■ **What you will do**: Reproduce the whole listing below without its pictures, exactly as written.

■ **Given information**:
*** Begin section ***

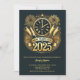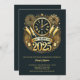 Personalised NYE 2025 Invitation Electronic New Years Eve Party. Digital Mobile Invitation in Black and Golden Colours with Fireworks, Champaign and Clicking Wall Clock Illustration.
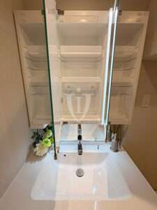 三面鏡タイプの鏡の裏側は収納になっています。
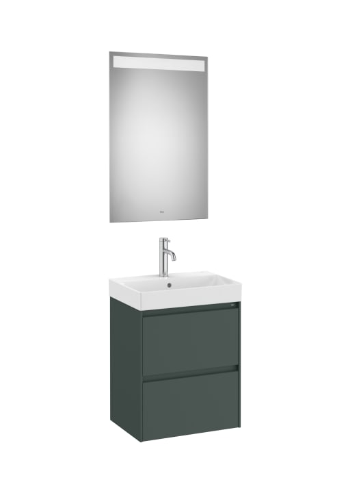 Pack ONA compac . Conjunto de mueble base dos cajones modelo ONA con lavabo Fineceramic compacto fondo reducido y espejo EIDOS . Acabado verde mate medida 500x360. Cajones con cierre amortiguado. No incluye grifería
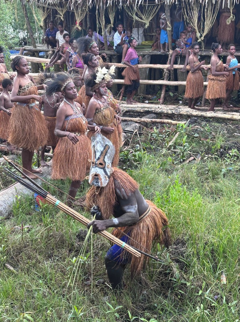 The women and children danced and sang, while a lone warrior darted through the crowds in a mask, wielding a bow and arrow.

*** End section ***

■ **The answer**:
 Personalised NYE 2025 Invitation Electronic New Years Eve Party. Digital Mobile Invitation in Black and Golden Colours with Fireworks, Champaign and Clicking Wall Clock Illustration.
 三面鏡タイプの鏡の裏側は収納になっています。
 Pack ONA compac . Conjunto de mueble base dos cajones modelo ONA con lavabo Fineceramic compacto fondo reducido y espejo EIDOS . Acabado verde mate medida 500x360. Cajones con cierre amortiguado. No incluye grifería
 The women and children danced and sang, while a lone warrior darted through the crowds in a mask, wielding a bow and arrow.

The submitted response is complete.